With the support of a new grant from the Multiple Myeloma Research Foundation, Temple Univeristy’s Robert W. Colman, M.D., Sol Sherry professor of medicine, is developing a new treatment for multiple myeloma, a cancer of the bone marrow plasma cells.

The treatment rests on an antibody for which Temple University and Colman own the patent.

             

Multiple myeloma is an incurable but treatable disease that strikes approximately 16,000 people in the United States each year. Current treatments include chemotherapy, radiation, bone marrow transplant and several medications.

             

Scientists are very hopeful about the use of antibodies to fight cancer, known as immunotherapy, or targeted cancer therapy. Antibodies, which are naturally occurring proteins used by the immune system to fight foreign invaders like infection, already form the basis of several anti-cancer drugs, including Avastin and Herceptin.

             

In the lab, Colman and his team demonstrated that the antibody C11C1, when directed to the human plasma protein kininogen, inhibited the growth of several different types of cancers, including multiple myeloma. The antibody works by blocking the blood supply to the cancer tumor — in effect, starving it to death.

             

Needing a clinical research partner to translate this research from the lab to the clinic, Colman enlisted Louis Weiner, M.D., vice president of translational research and chairman of medical oncology at Fox Chase Cancer Center.
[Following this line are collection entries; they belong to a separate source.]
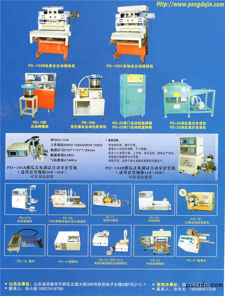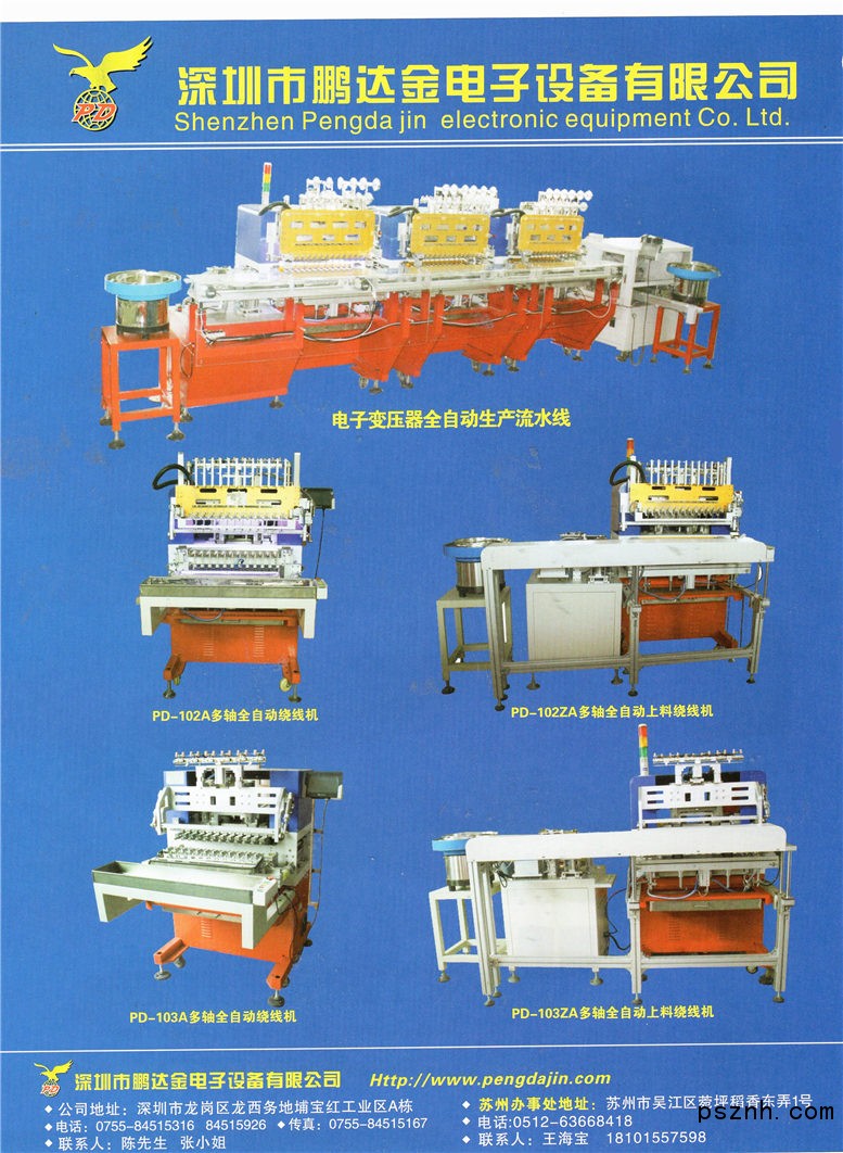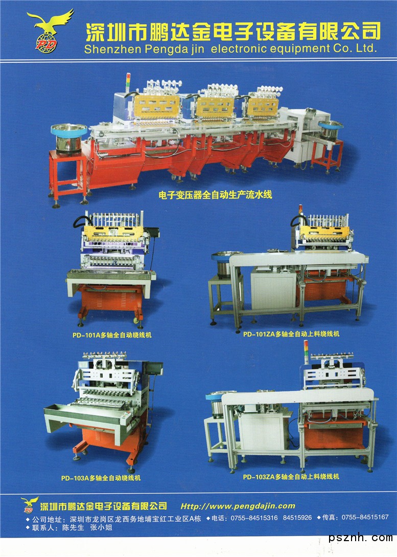 深圳市鵬達金電子設(shè)備有限公司  是國內(nèi)繞線機專業(yè)生產(chǎn)廠家,并與國內(nèi)有關(guān)繞線設(shè)備生產(chǎn)單位建立了廣泛信息聯(lián)系與合作關(guān)系。產(chǎn)品廣泛適用于各種變壓器廠的繞線(如:高頻變壓器、低頻變壓器、電感、繞圈等)。產(chǎn)品分為:高,低頻全自動繞線,全自動上料繞線機,全自動包膠機,自動焊錫機,自動無刷繞線機,整腳機,包膠帶機,手搖機,切帶機。錫爐,烤箱,真空含浸機,等變壓器相關(guān)設(shè)備。品種規(guī)格齊全。亦可以根據(jù)客戶的特殊要求設(shè)計與制造各種非標(biāo)準(zhǔn)繞線機及相關(guān)設(shè)備。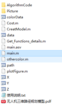 文件夹内包含完整MATLAB代码,及使用说明,可以修改无人机的起始点及地图。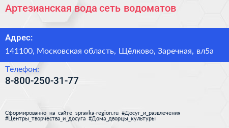 Артезианская вода, сеть водоматов по адресу 141100, Московская область, Щёлково, Заречная, вл5а в дальнейшем Организация, размещена в следующих категориях: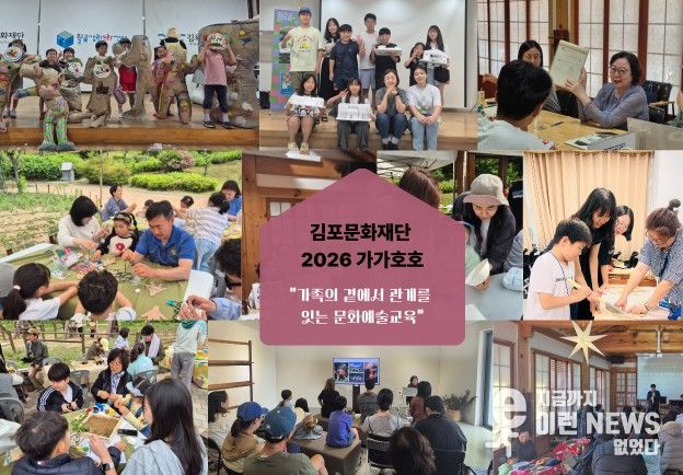 이런뉴스(e-runnews) 김삼성 기자 | (재)김포문화재단은 한국문화예술교육진흥원이 주관하는 ‘2026 생활밀착형 문화예술교육 지원사업 가가호호(家加好好) 운영기관 공모’에 선정됐다고 밝혔다.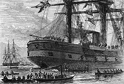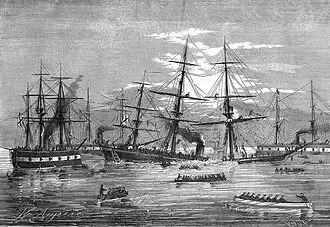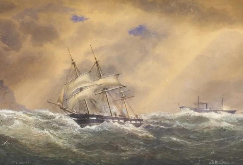 Выход из реки Тахо фрегата «Илья Муромец» на буксире парохода «Камчатка», худ. А. Боголюбов.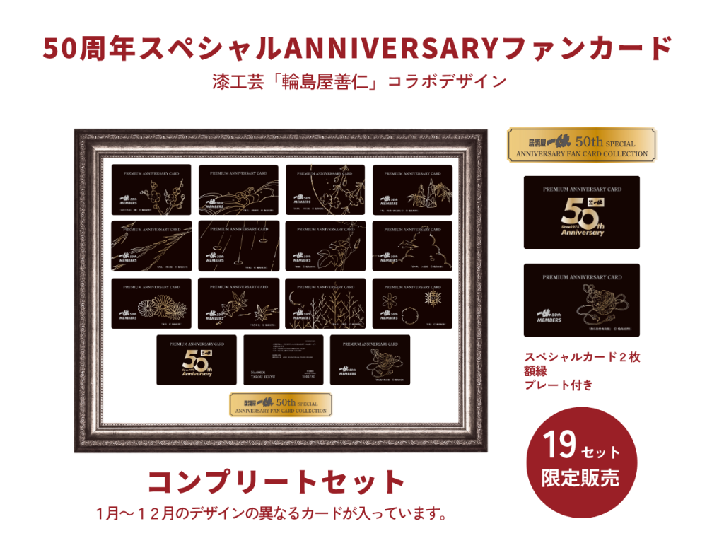 50周年を記念して1年間販売してきた「一休50周年スペシャルANNIVERSARYファンカード」 コンプリートセットを限定販売いたします。 輪島漆器工芸「輪島屋善仁」コラボデザイン、毎月異なる12テーマの絵柄に加え、 コンプリートセットだけで手に入るスペシャルカード2枚とプレートを額縁に飾った特別仕様。 すべてのカードにお客様の氏名と有効期限を印字してお送りいたします! ◆受注生産商品につき納品までお時間をいただきます。 ◆限定生産につき数に限りがございます。 ◆アプリ連携画像はスペシャルカードを含む14種類からお選びいただけます。 こちらのコンプリートセットをもっと詳しく知りたい方、購入されたい方は下記よりご確認ください ↓↓↓ https://www.advance19.com/products/detail/108
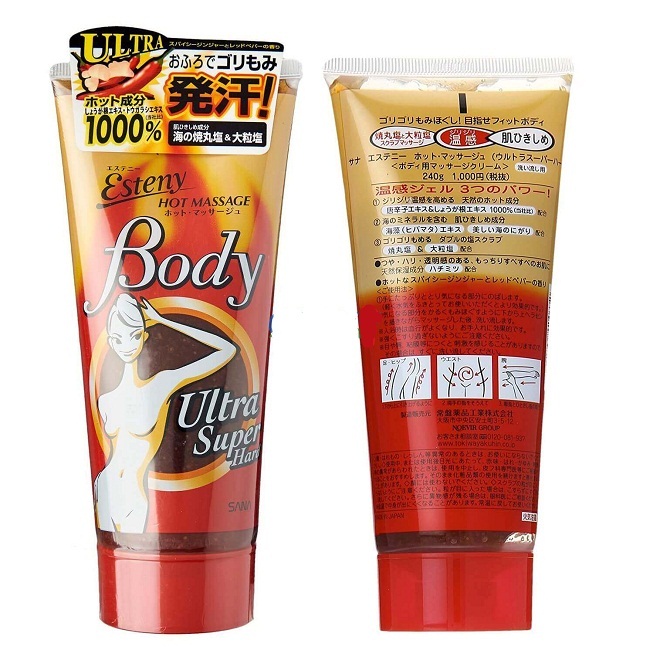 - Được sản xuất với công nghệ Nhật Bản sẽ đem lại cho bạn một sản phẩm ưng ý nhất. Esteny Body Hot Massage Gel được chế xuất từ các dược phẩm tự nhiên như tinh dầu cam, sáp ong tự nhiên, tảo biển và nhiều thành phần thiên nhiên khác đi nuôi dưỡng da trực tiếp, Kem có tác dụng đốt cháy mỡ và loại bỏ khối mỡ qua tuyến mồ hôi và nước tiểu ngoài ra kem có tác dụng ngăn ngừa tiếp nạp mỡ dư thừa vào cơ thể từ thức ăn.

Weiner also is a professor of medicine at Temple. He has used molecular biology techniques to design and engineer several new antibodies for treating cancer and will work on converting Colman’s mouse antibody into a format that is potentially more suitable for human use.

             

The team will conduct laboratory tests of the humanized antibody in experimental tumors in order to get it to the final steps: clinical research in patients and ultimately approval by the Food and Drug Administration.

             

“I’m eager to see something I’ve done have a real impact on human disease,” said Colman.